Artwork
Untitled

Untitled is a gouache drawing by Solomon Telingater. It dates from 1934 and is held in the collection of the Museum of Modern Art.
About this work
Overview
Created around 1934 by Soviet artist Solomon Telingater, this drawing combines gouache, ink, pencil, and cut-and-pasted printed and painted paper.
Created around 1934 by Soviet artist Solomon Telingater, this drawing combines gouache, ink, pencil, and cut-and-pasted printed and painted paper. As a founding member of the Constructivist October group, Telingater applied principles of industrial design and typographic experimentation to this mixed-media work. The piece exemplifies Constructivism’s interest in material innovation and visual fragmentation, rejecting traditional composition in favor of layered, assembled forms.
Subject & Meaning
The composition centers on an abstracted automobile, its form constructed from irregular shapes and non-naturalistic colors. Above it, a ship with red flags, a clock, and a large eye float alongside figures in stylized attire, some holding tools or weapons. The inclusion of foreign-language text and disparate symbols suggests a commentary on modernity, technology, and ideological tension, reflecting the turbulent political and cultural climate of early Soviet society.
Technique & Style
Telingater employed collage as a structural device, layering painted paper, printed fragments, and hand-drawn elements to build a dense visual field. Gouache provided opaque color accents, while ink and pencil defined contours and added textual elements. The technique rejects illusionism in favor of flat planes and abrupt juxtapositions, aligning with Constructivist ideals that prioritized material honesty and dynamic assembly over representational fidelity.
History & Provenance
Telingater, active in Moscow during the 1920s and 1930s, contributed significantly to Soviet graphic design and book arts. This work emerged during a period when Constructivism was being suppressed in favor of Socialist Realism.

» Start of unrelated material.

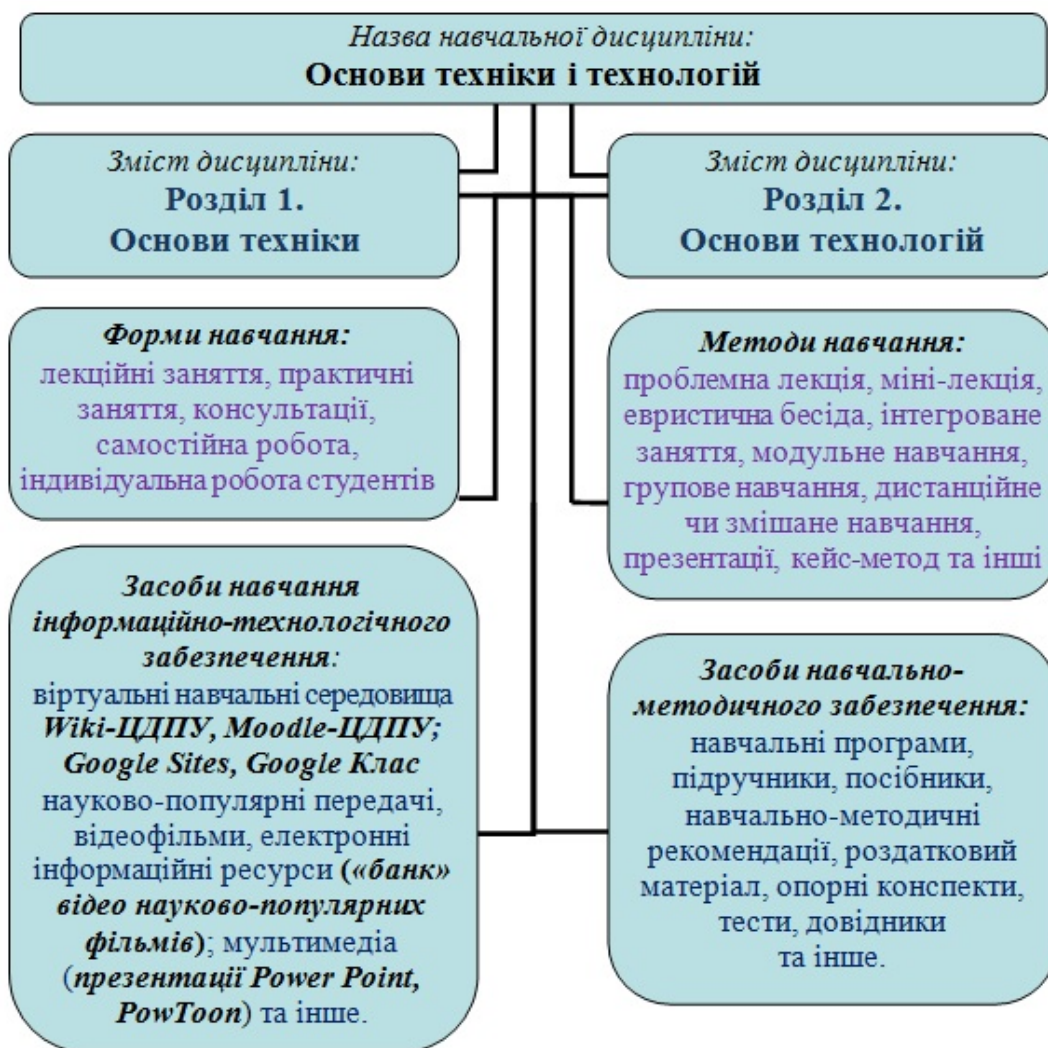
Рис. 1. Дидактичний інформаційно-технологічний комплекс до навчально-методичного забезпечення вивчення курсу «Основи техніки та технологій»

засобів інформаційної підтримки; смарткейси; електронні інтерактивні освітні ресурси; навчальні середовища для самостійного конструювання електронних навчальних ресурсів; навчально-технологічні програмні засоби; імітаційні середовища; системи автоматизованого проектування; навчально-ігрові програмні засоби; педагогічні програмні засоби навчальних дисциплін; демонстраційні електронні ресурси; автоматизовану систему оцінки і контролю знань студентів [2; 4; 5].

Though little is documented about the specific provenance of this piece, its survival suggests it was preserved privately or in institutional collections that retained pre-Stalinist avant-garde works despite official disfavor.
Context
In the early 1930s, Soviet cultural policy shifted toward state-sanctioned realism, marginalizing experimental movements like Constructivism. Telingater’s work, though rooted in earlier avant-garde principles, reflects the lingering influence of revolutionary visual language. The collision of industrial, military, and symbolic motifs in this piece mirrors the contradictions of a society striving to reconcile technological progress with ideological control.
Legacy
Telingater’s *Untitled* stands as a rare surviving example of late Constructivist graphic experimentation in the USSR. While his commercial design work was more widely circulated, this piece reveals the persistence of radical formal inquiry even as political pressures intensified. It contributes to the broader understanding of how Soviet artists navigated censorship while preserving the visual vocabulary of the revolutionary decade.
Artist & collection
Artist
Solomon Telingater (1903 – 1969) was a Soviet graphic artist, illustrator, printer, typographer, and book designer.